◆ **WHAT TO PRODUCE**: What is needed is an exact copy of the data below, pictures excluded.

SUPPLIED MATERIAL Start Marker

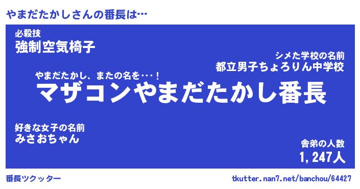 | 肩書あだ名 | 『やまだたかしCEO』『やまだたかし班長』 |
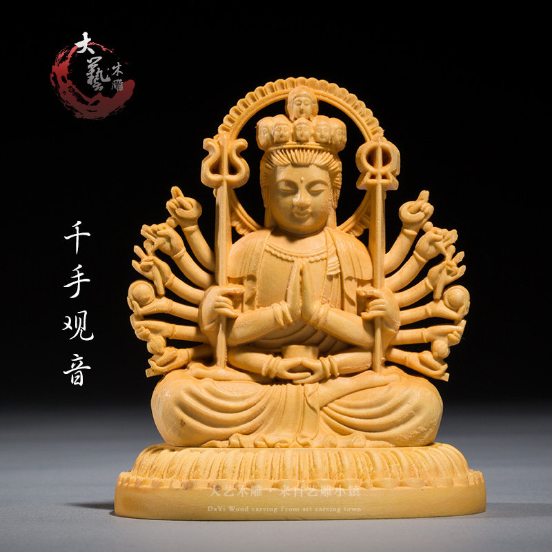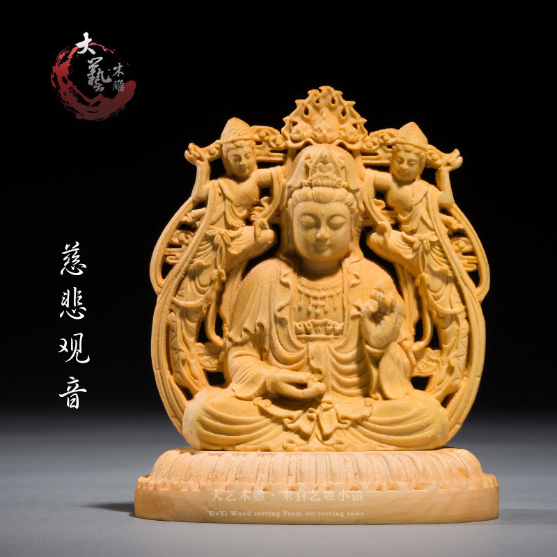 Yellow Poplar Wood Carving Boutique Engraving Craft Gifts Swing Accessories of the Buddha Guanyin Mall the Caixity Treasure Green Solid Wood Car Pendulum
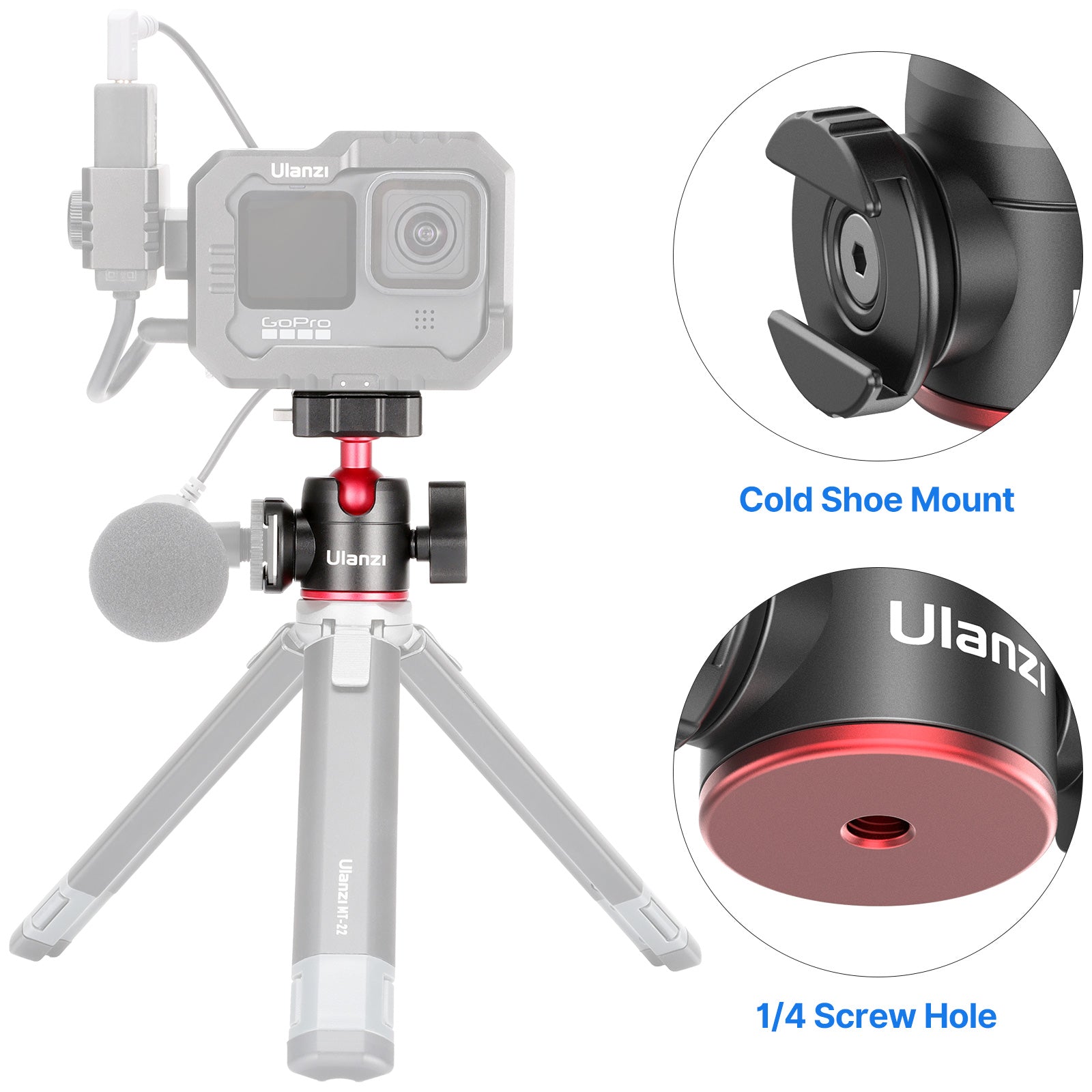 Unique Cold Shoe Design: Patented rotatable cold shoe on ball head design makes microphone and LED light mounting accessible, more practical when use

SUPPLIED MATERIAL End Marker

◆ **RESPONSE BOX**:
 | 肩書あだ名 | 『やまだたかしCEO』『やまだたかし班長』 |
 Yellow Poplar Wood Carving Boutique Engraving Craft Gifts Swing Accessories of the Buddha Guanyin Mall the Caixity Treasure Green Solid Wood Car Pendulum
 Unique Cold Shoe Design: Patented rotatable cold shoe on ball head design makes microphone and LED light mounting accessible, more practical when use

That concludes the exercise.